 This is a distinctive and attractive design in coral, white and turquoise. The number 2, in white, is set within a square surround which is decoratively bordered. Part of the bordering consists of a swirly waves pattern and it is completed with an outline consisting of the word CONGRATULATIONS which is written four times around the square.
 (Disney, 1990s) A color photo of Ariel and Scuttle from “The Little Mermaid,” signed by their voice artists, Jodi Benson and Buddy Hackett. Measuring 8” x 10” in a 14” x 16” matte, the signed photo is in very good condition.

==

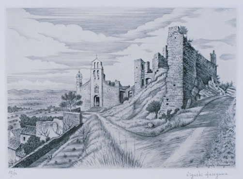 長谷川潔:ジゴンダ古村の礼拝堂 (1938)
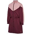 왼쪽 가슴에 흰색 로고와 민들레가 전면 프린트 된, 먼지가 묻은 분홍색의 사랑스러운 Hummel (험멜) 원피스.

---

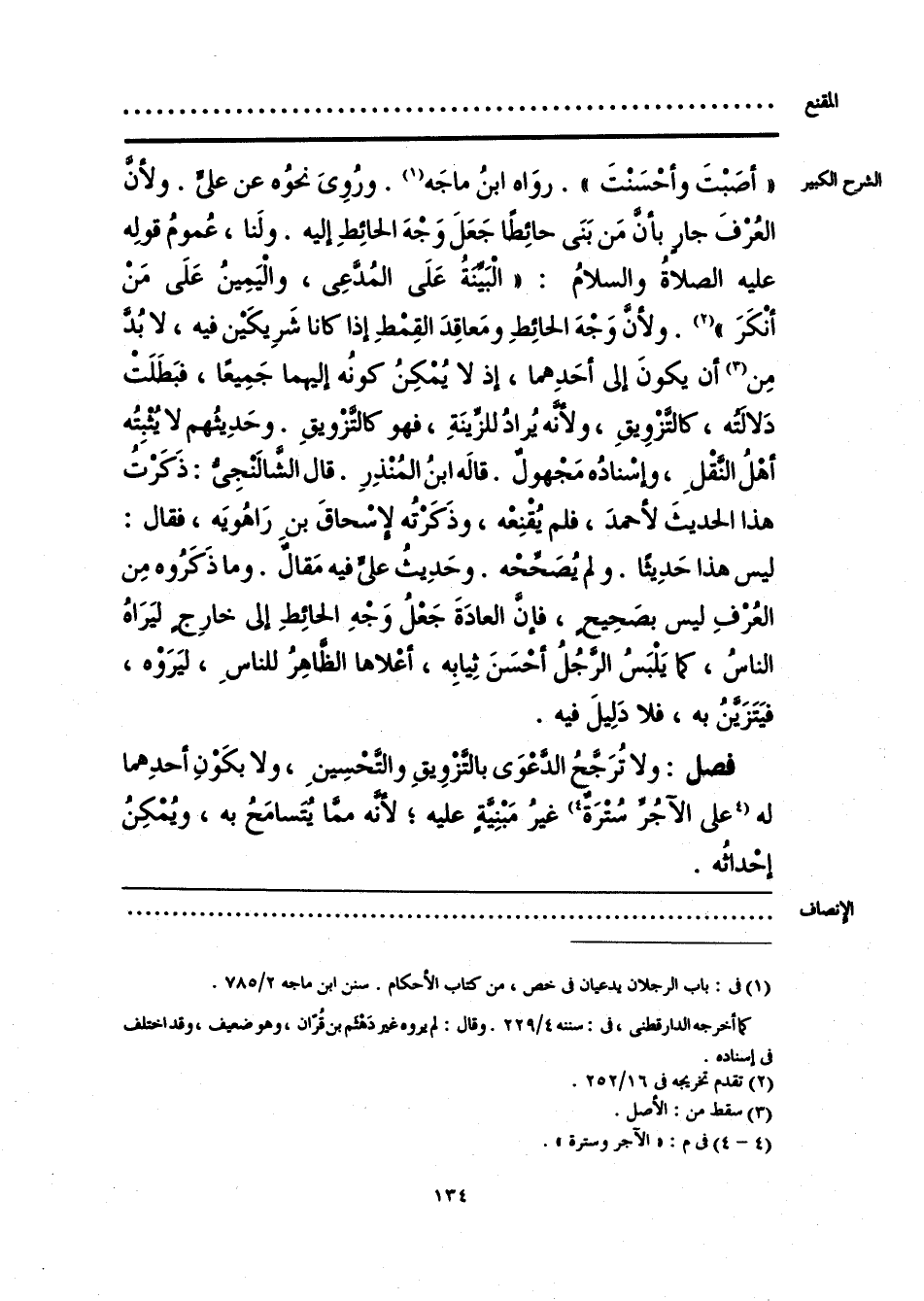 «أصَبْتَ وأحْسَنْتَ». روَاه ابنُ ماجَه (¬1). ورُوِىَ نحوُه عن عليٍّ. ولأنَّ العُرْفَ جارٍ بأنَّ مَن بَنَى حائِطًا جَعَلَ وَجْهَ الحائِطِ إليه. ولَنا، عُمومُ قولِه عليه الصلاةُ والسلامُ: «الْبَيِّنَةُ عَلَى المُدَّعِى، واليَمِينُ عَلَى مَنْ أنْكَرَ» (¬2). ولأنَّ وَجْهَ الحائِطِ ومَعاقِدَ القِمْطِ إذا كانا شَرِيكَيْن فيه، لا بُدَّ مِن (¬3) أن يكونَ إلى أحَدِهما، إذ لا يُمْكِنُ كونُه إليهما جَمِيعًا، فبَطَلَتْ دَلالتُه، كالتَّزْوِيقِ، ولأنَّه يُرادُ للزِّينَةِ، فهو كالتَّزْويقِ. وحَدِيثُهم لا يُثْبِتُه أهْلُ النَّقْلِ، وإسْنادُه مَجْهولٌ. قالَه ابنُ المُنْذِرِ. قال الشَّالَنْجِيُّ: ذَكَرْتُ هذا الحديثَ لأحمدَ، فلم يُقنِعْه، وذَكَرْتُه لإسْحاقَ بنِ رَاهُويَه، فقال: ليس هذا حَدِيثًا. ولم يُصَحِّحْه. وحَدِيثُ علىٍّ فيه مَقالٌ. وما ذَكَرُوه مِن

> WHAT THIS TASK INVOLVES:
The lines above from the one containing "This is a distinctive" through the one containing "(Disney, 1990s) A" are to be set down exactly, and no others.

> RESULT OF THIS EXERCISE:
 This is a distinctive and attractive design in coral, white and turquoise. The number 2, in white, is set within a square surround which is decoratively bordered. Part of the bordering consists of a swirly waves pattern and it is completed with an outline consisting of the word CONGRATULATIONS which is written four times around the square.
 (Disney, 1990s) A color photo of Ariel and Scuttle from “The Little Mermaid,” signed by their voice artists, Jodi Benson and Buddy Hackett. Measuring 8” x 10” in a 14” x 16” matte, the signed photo is in very good condition.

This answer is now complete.